Her own academic ambitions found plenty of stimulation at UMaine.

“I knew I wanted to study international affairs,” Schneider said. “But then I realized economics is really the driving factor.” So she wrapped them together in a double major, as well as completing minors in Canadian studies and French. She has recently begun studying Arabic.

Outside of classes, Schneider was active in the International Student Association and the Honors College. She is a member of the National Society of Collegiate Scholars, Phi Beta Kappa and the international economics honor society Omicron Delta Epsilon.

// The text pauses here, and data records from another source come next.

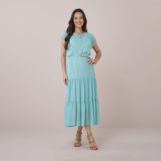 Vestido Edneia Em Chiffon Poa Azul Tatá Martello Primavera/Verão 2026
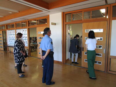 多目的ルームで全員が集まったあと、グループごとに校内を探検しました。
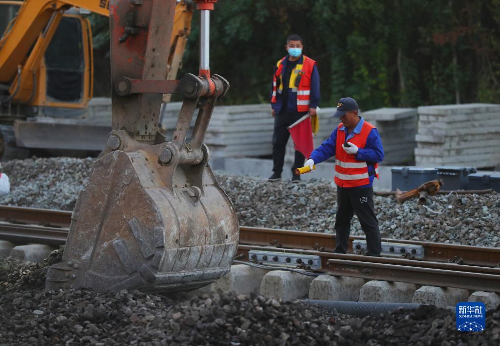 9月19日,施工人員指揮鉤機在遼寧朝陽南站站改封鎖施工現場作業。
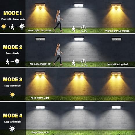 - 4 Lighting Modes & Energy-efficient: Features 36 white LEDs and 2 warm light beads at the bottom. Mode 1: Warm light (no motion)- Bright white light (motion detected). Mode 2: Off (no motion)- Bright white light (motion detected). Mode 3: Constant warm light. Mode 4: Constant bright white light
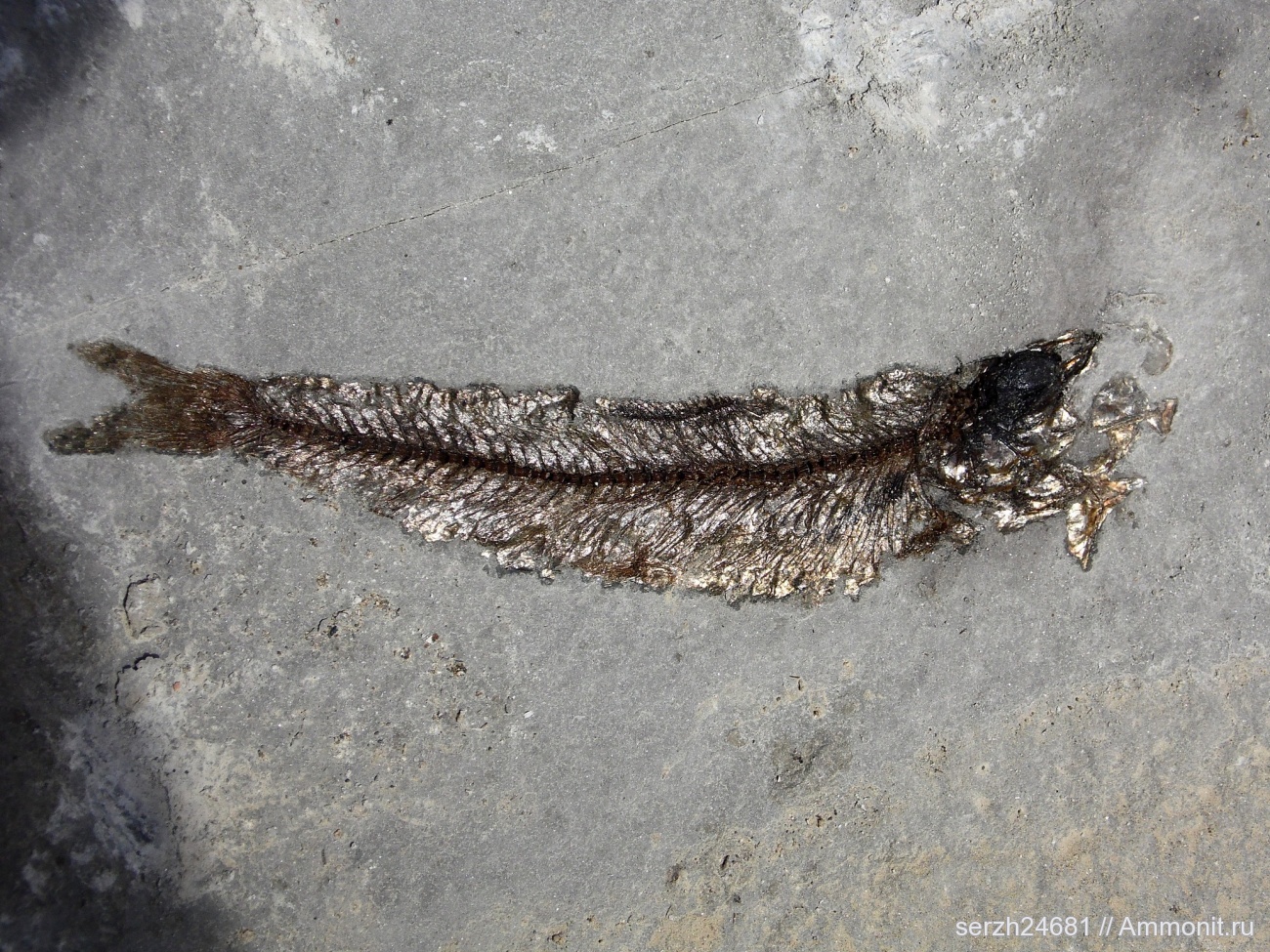Образец был найден на р.Пшеха при расколе мергелевой плиты.Длинна рыбы 13см..Предположительно принадлежит к семейству сельдевые (Clupea sp ).
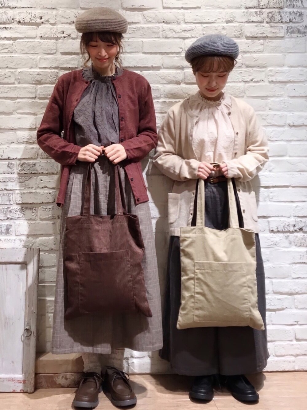 はまなかさん【@tofu048】151cm と双子コーデ🐻🐻 定番のカーディガンに チェックパンツで秋らしく♩ レースブラウスでガーリー要素も 取り入れました* -------------------------- ●ディアモール店WEAR● はまなか【@tofu048】 なかお 【@poporasu1192】
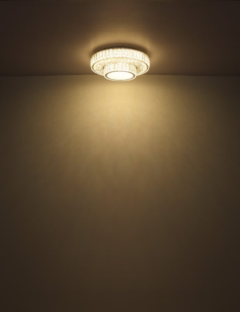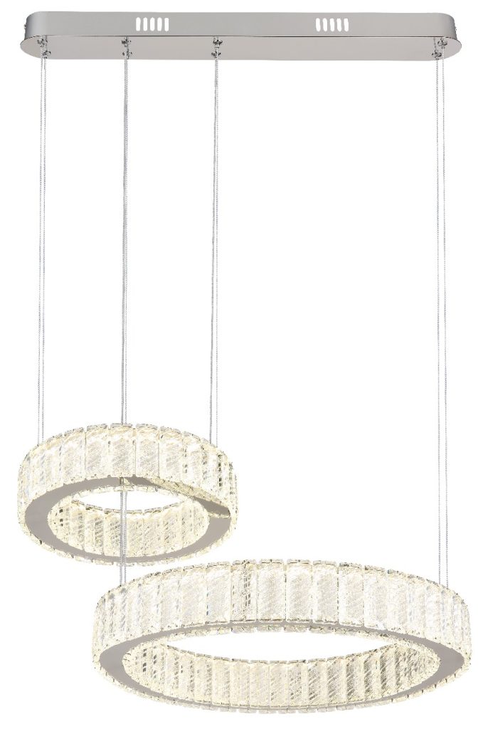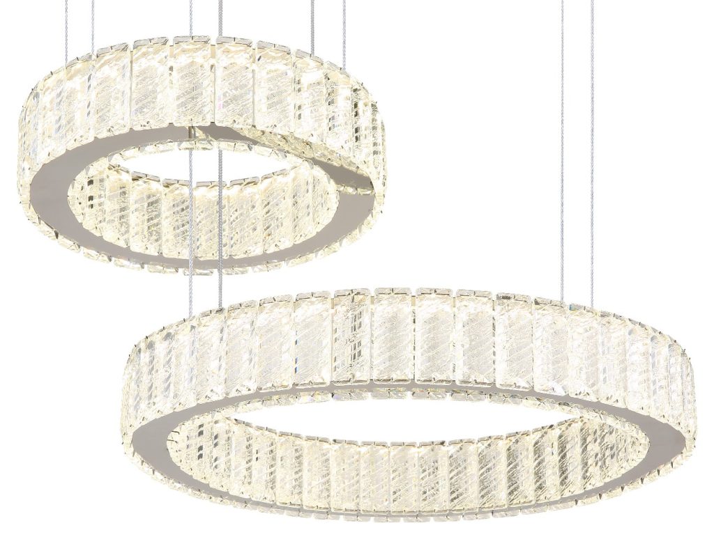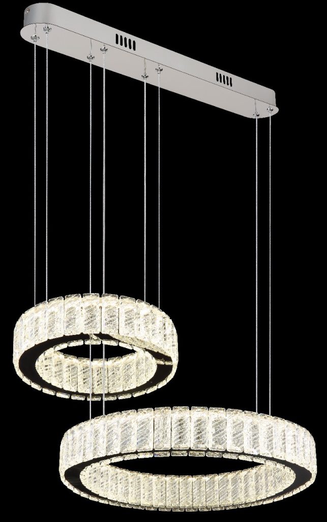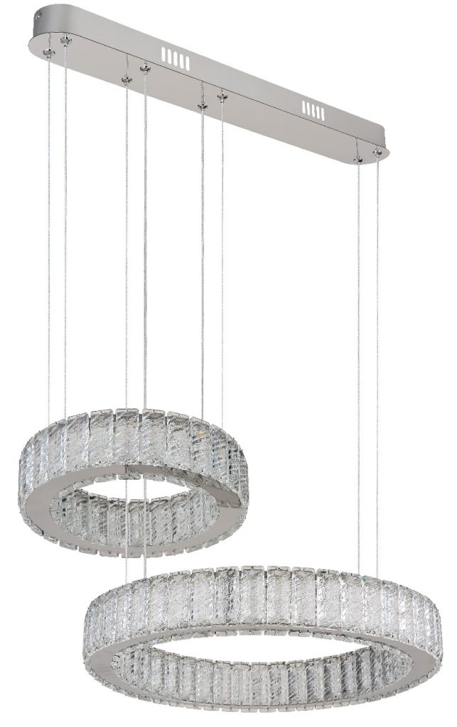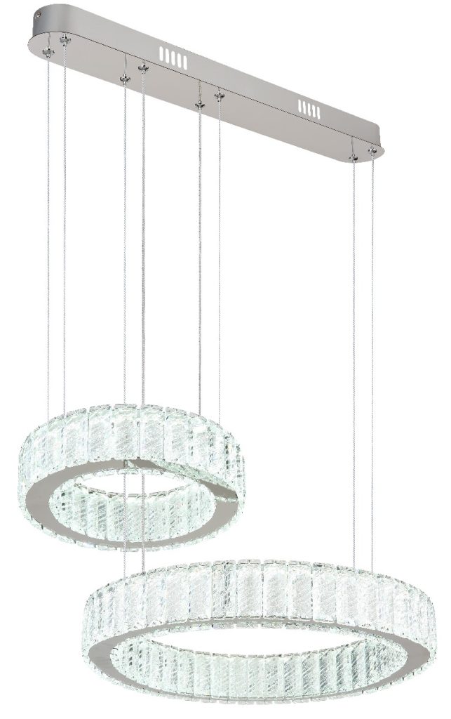 Visilica serije MUCKY napravljena od hromiranog metala i providnih K5 kristala koji lepo reflektuju svetlost. Hromirani prsten daje sofisticirani izgled lampi. Kabl je napravljen od PVC-a i providan je. Lampa ima mogućnost zatamnjivanja i može se kontrolisati preko zidnog prekidača. Boja se može prilagoditi i fiksirati. Ima funkciju memorije, noćno svetlo i daljinski upravljač (baterije 2AAA nisu uključene). Dimenzije: DxŠxV: 630x500x1200 mm i sastoji se od dva prstena prečnika 30 i 50 cm. Lampu napaja LED dioda snage 80W i napona 230volti. Temperatura boje može se podesiti između 2700K i 6000K. Jedinstvrnom kombinacijom modernog dizajna i visokokvalitetnih materijala, privlačiće poglede u svakoj prostoriji.
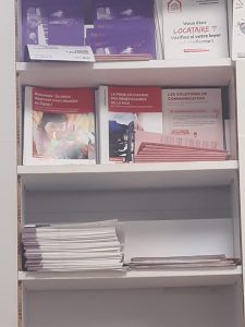 Je patiente donc, commence à lire mon magazine emporté pour cette attente prévue. Au bout d’un moment, ayant lu plusieurs articles du magazine, je regarde le présentoir avec les différents fascicules de la métropole pour faire une pause. L’un attire mon regard ; il s’intitule « Les solutions de communication ». Je me lève pour me dégourdir un peu les jambes (à ce stade, ça ne faisait jamais que 45 minutes que je patientais) et en savoir plus sur ces solutions. Et quelle ne fût pas ma surprise de voir qu’il était dit que la métropole avait opté pour la solution Accéo à distance ou en face-à-face aux guichets d’accueil et qu’il y avait aussi la solution boucle magnétique. Bon, je regarde vers les guichets et je ne vois aucun dispositif cité. Les deux personnes de l’accueil recevaient encore du monde en flot continu, donc je me suis abstenue de pointer l’incohérence auprès d’elles.
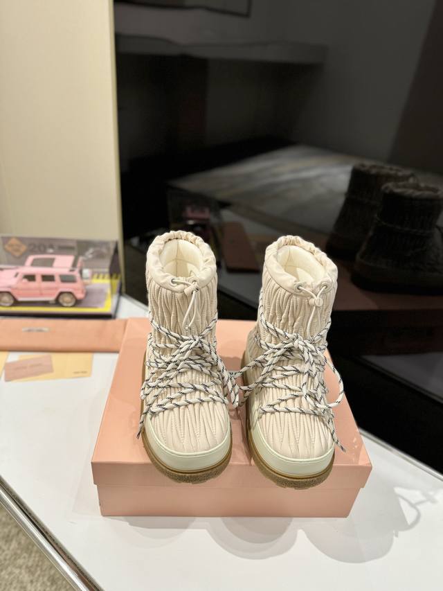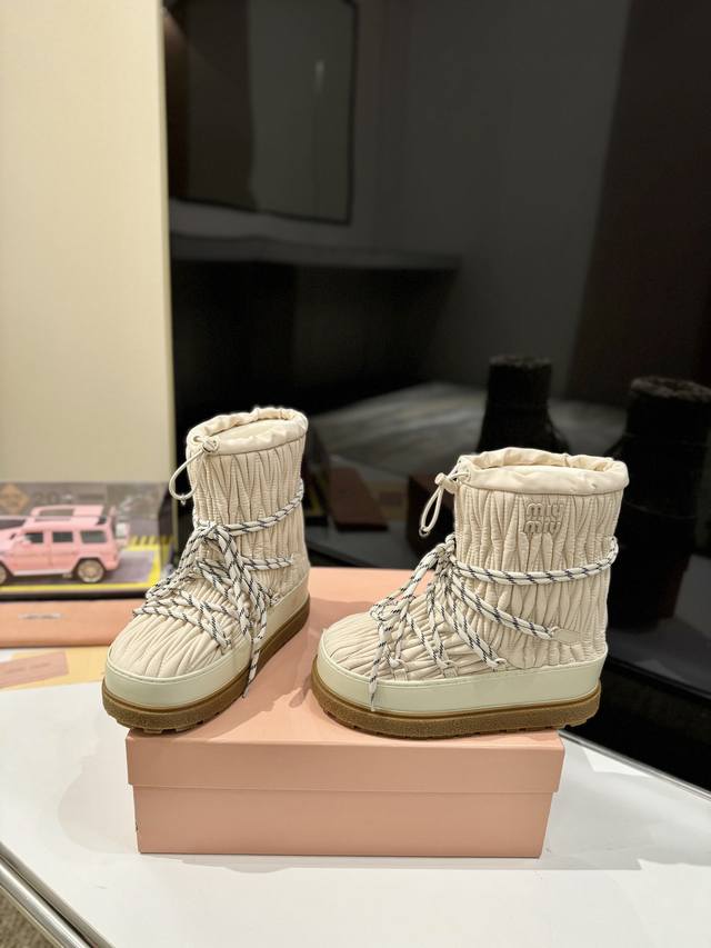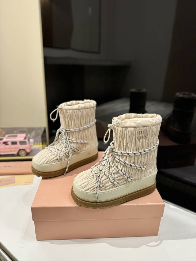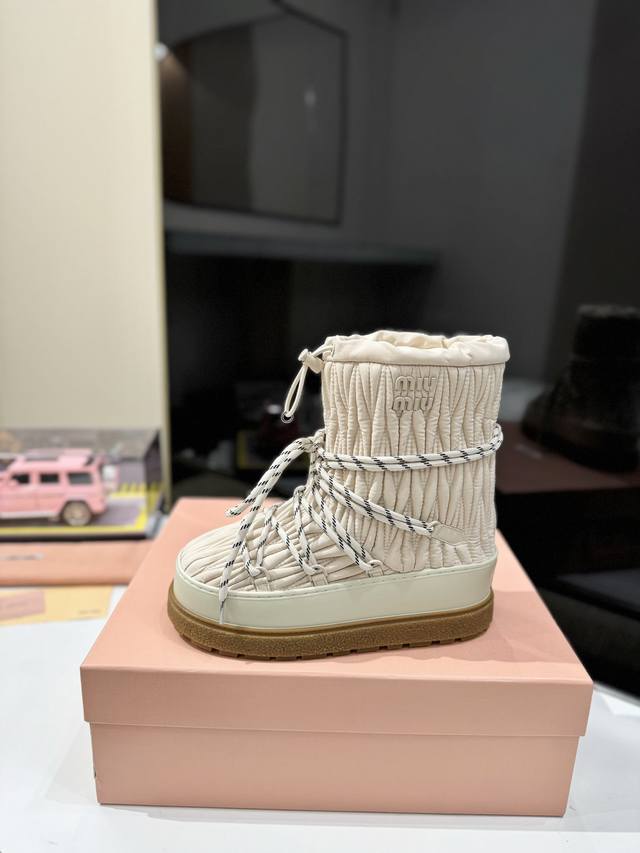 出厂价Pp: 雪地短靴 Miumiu缪缪最新系列,女士徽标尼龙华达呢雪地派对金属标双色厚底收缩系带羽绒雪地靴滑雪靴胖头靴! 有轻奢的内蕴品质,自带温暖的腔调,材穿着舒服,爱不释手,高颜值高品质防水防滑巨保暖,Logo侧标鞋面系带可调节松紧 这个冬天爱了! 面料:进口原版毛绒 内里:加厚加棉毛绒 大底:独家开模Tpu大底 码数:35-40 41 42定制不退换 包装:全套原版包装

In June, Schneider will start an internship with the American Institute for Contemporary German Studies in Washington, an affiliate of Johns Hopkins University. In the fall, she will head to the Netherlands for a yearlong graduate program in international economic studies with a focus on European economic policies. After that, she hopes to work with an economic policy institute, or possibly in an academic setting.

She’s drawn to European countries and cultures, but she has a boyfriend in Millinocket. He’s the son of the North Dakota family she stayed with all those years ago, and is now an assistant principal at Stearns High School.

Schneider says she has big ambitions and loves being in school.

“I do,” she said, grinning. “But, then, there also is life.”

Correction: In a Page A1 story in Saturday’s paper, the name of the salutatorian of the University of Maine Class of 2008 was misspelled. The correct spelling is Anh Hoai Do.